= Data extracted from a collection =
--- START ---

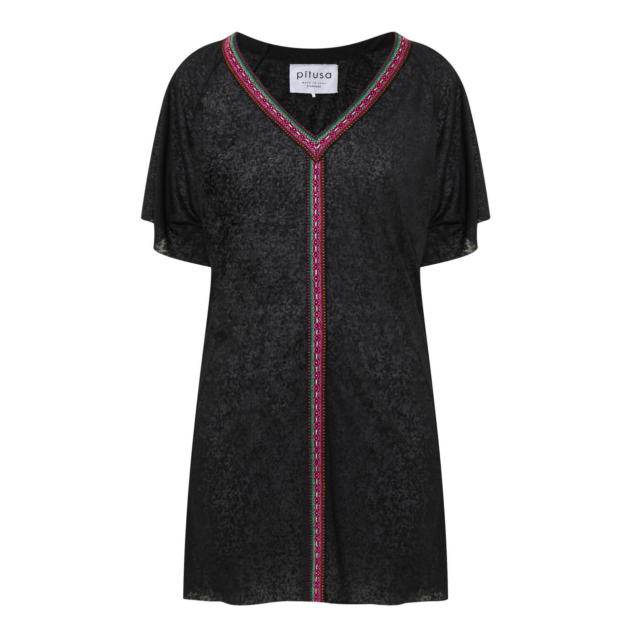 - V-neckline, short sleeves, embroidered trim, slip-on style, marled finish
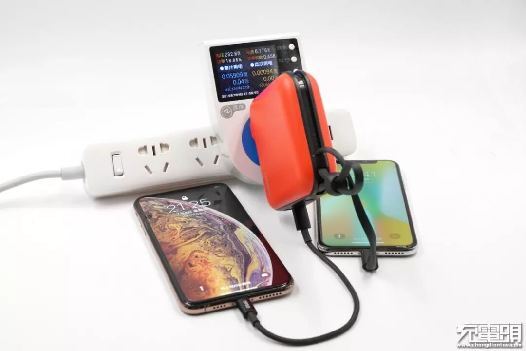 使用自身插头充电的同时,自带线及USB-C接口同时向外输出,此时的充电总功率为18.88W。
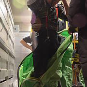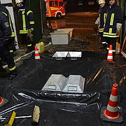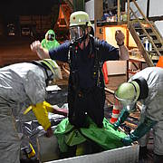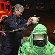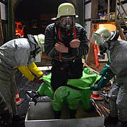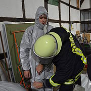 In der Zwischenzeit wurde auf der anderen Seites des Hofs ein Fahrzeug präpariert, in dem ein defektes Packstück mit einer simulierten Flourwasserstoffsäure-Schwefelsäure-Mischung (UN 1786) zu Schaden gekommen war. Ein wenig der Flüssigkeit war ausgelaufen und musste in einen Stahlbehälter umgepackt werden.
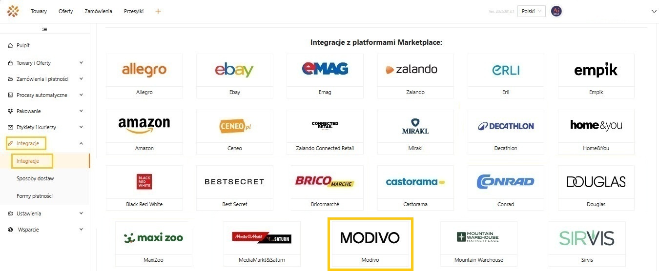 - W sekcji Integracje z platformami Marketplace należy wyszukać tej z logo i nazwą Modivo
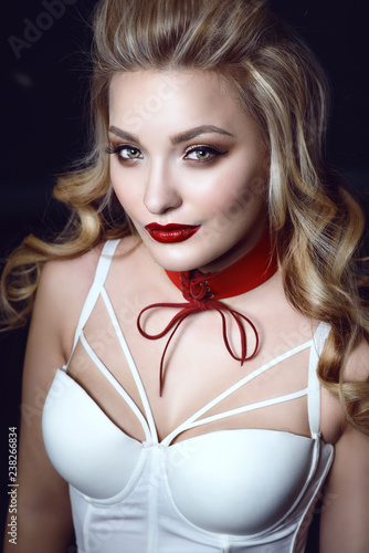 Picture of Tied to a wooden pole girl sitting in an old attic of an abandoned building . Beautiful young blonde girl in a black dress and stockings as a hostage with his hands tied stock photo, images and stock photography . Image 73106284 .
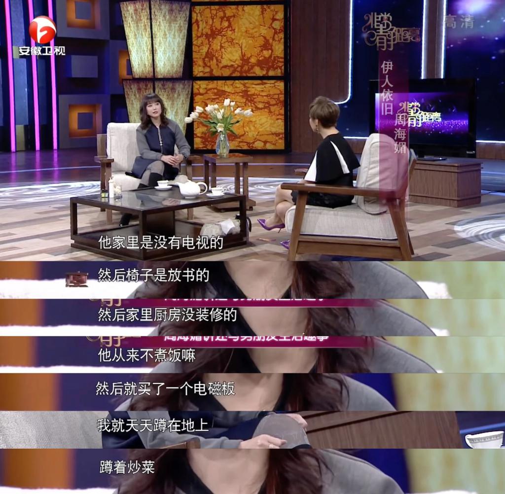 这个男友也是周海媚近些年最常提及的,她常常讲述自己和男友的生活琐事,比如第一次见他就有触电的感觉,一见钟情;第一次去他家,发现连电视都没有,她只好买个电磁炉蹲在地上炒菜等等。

--- END ---

Reproduce the entries above exactly, though not their pictures.

 - V-neckline, short sleeves, embroidered trim, slip-on style, marled finish
 使用自身插头充电的同时,自带线及USB-C接口同时向外输出,此时的充电总功率为18.88W。
 In der Zwischenzeit wurde auf der anderen Seites des Hofs ein Fahrzeug präpariert, in dem ein defektes Packstück mit einer simulierten Flourwasserstoffsäure-Schwefelsäure-Mischung (UN 1786) zu Schaden gekommen war. Ein wenig der Flüssigkeit war ausgelaufen und musste in einen Stahlbehälter umgepackt werden.
 - W sekcji Integracje z platformami Marketplace należy wyszukać tej z logo i nazwą Modivo
 Picture of Tied to a wooden pole girl sitting in an old attic of an abandoned building . Beautiful young blonde girl in a black dress and stockings as a hostage with his hands tied stock photo, images and stock photography . Image 73106284 .
 这个男友也是周海媚近些年最常提及的,她常常讲述自己和男友的生活琐事,比如第一次见他就有触电的感觉,一见钟情;第一次去他家,发现连电视都没有,她只好买个电磁炉蹲在地上炒菜等等。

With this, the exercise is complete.